This article is a brief overview of what a data pipeline is, why it is useful, and how to create one for a classification model. The intended audience has experience building simple classification models in python with sklearn.
What is a pipeline? The word has a quite a bit of history and several definitions, some of which will even stir up some controversy. However, there is little controversy over the “pipeline” of today’s article, that would be the data pipeline.
When building a model, there are several steps between importing the data and training a model. There are the cursory steps like handling null values, data splitting, identifying the target and predictors. Some must be done manually for each dataset and model, however pipelines can be used to automate various steps. This allows for cleaner and more modular code, and has other advantages — like helping prevent data leakage.
When using pipelines, naturally begin with importing the essentials:
# imports
import pandas as pd
import numpy as np
from sklearn.preprocessing import StandardScaler
from sklearn.ensemble import RandomForestClassifier
from sklearn.model_selection import train_test_split, GridSearchCV
from sklearn.pipeline import Pipeline
The first two imports are familiar tools for any data scientist. The others are functions and classes used in data selection, cleaning, and (of course) creating pipelines.
Another familiar step, loading and cleaning data. In this case, I’m using the infamous wine quality dataset:
# load and clean data
df = pd.read_csv('winequality-red.csv')# split the predictor and target
y = df['quality']
X = df.drop('quality', axis=1)# split into training and test sets
X_train, X_test, y_train, y_test = train_test_split(X, y,\
test_size=0.25, random_state=2021)
The wine data is relatively easy to work with- specifically there are few preprocessing steps that need to be done before training the model. In this case the numeric data needs to be scaled for the model to work properly.
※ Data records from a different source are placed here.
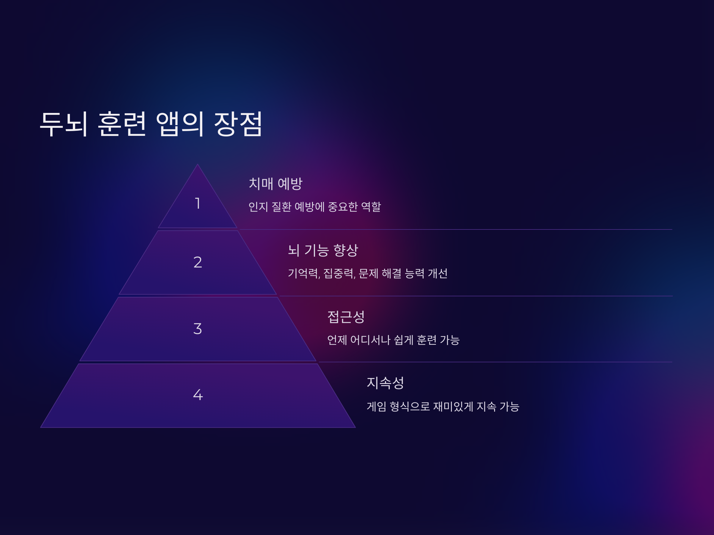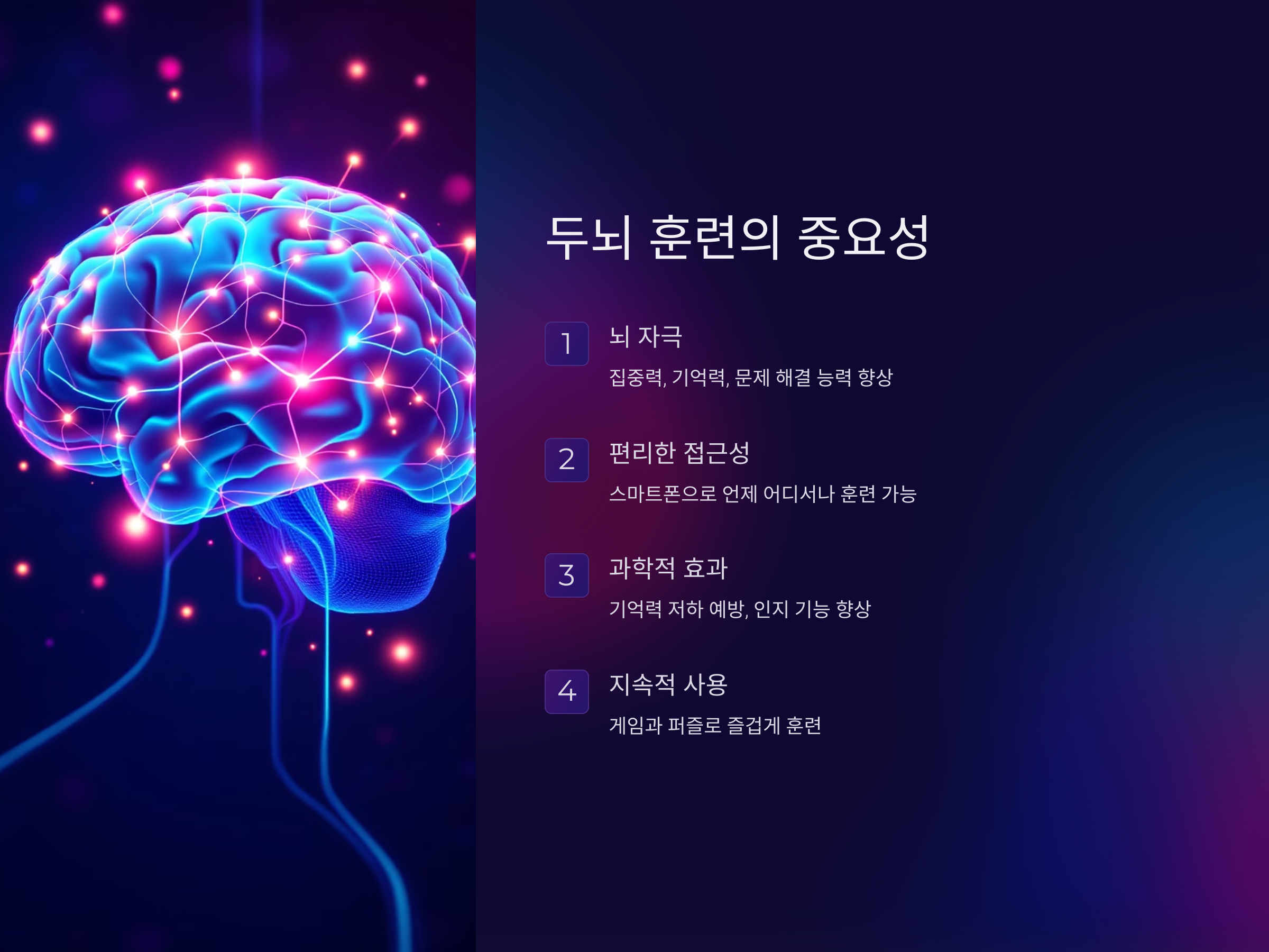많은 연구들에 따르면, 두뇌 훈련은 기억력 저하를 예방하고, 인지 기능을 향상시키는 데 도움이 된다고 합니다. 앱을 통한 꾸준한 두뇌 훈련은 뇌를 활성화시키고, 치매와 같은 인지 질환 예방에 중요한 역할을 할 수 있습니다. 특히 다양한 게임과 퍼즐을 통해 즐겁게 훈련할 수 있어, 지속적으로 사용할 수 있는 장점이 있습니다.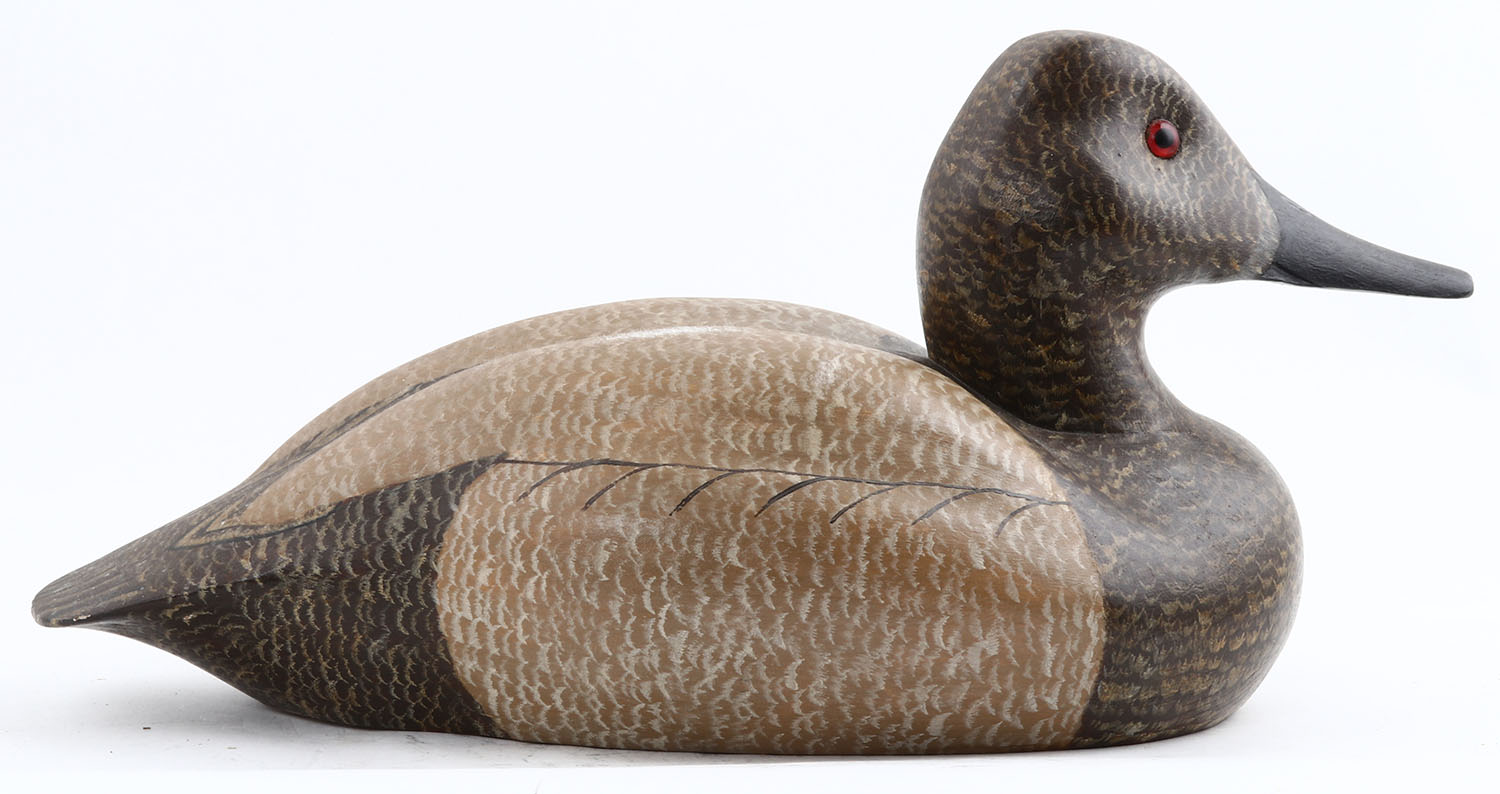 Canvasback Hen by WJ, GE, hollow wood, original paint, structurally excellent, signed on bottom, 14'' OAL. Grade: Excellent - Value: 20 to 80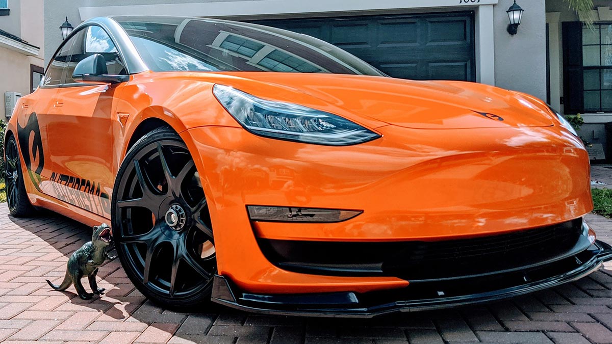 Tangerine Dream by Oracal is the actual name of the wrap color applied to this Tesla Model 3 — according to the owner, just the wrap job on this vehicle cost him $3,500 — the total cost of all the current customizations on this car is $10,000 that includes the following in addition to the tangerine wrap:

Rather than of doing this directly to the data, instead put it in the pipeline:
# Build a pipeline that scales data
scaled_pipeline = Pipeline([('ss', StandardScaler()),
('RF', RandomForestClassifier())])
See? Very simple. I’m using a random forest classifier, but this works with any classifier in the toolkit.
Now, simply fit the model and judge the performance:
# fit model with pipeline
scaled_pipeline.fit(X_train, y_train)# score performance
scaled_pipeline.score(X_test, y_test)####################################################################
Returns:
0.6725
This result means the model is correctly classifying the quality about 67% of the time. This is good for a simple model, but there are additional ways of to take advantage of this pipeline. For instance it can be used in tandem with GridSearchCV to explore models with various parameters specified. In this case, since a random forest is being used, splitting and max depth parameters can be specified:
# specify parameters for random forest
# define "grid"
grid = [{'RF__max_depth': [5, 15],
'RF__min_samples_split': [2, 5],
'RF__min_samples_leaf': [1, 3]}]
Now the pipeline may be passed as the estimator in GrisSearchCV:
# grid search
gridsearch = GridSearchCV(estimator=scaled_pipeline,
param_grid=grid,
scoring='accuracy',
cv=5)
GridSearchCV is treated like a model itself, so now simply fit and score:
# fit model
gridsearch.fit(X_train, y_train)# find accuracy
gridsearch.score(X_test, y_test)####################################################################
Returns:
0.68
With a bit of tuning, looks like there was nominal improvement to the model. However, there’s plenty of room for improvement and tweaking and adding parameters to the grid would likely lead to further improvement.
This shows how simple pipelines can make model analysis, and how easy it is to create them. With that said, operations added to pipelines are not limited to simple scaling, in fact custom operations can be defined if necessary. For instance, there are times when operations need to be done to some columns and not others. This requires the use of a “column transformer,” which is incredibly useful, and deserving as a topic for a future article.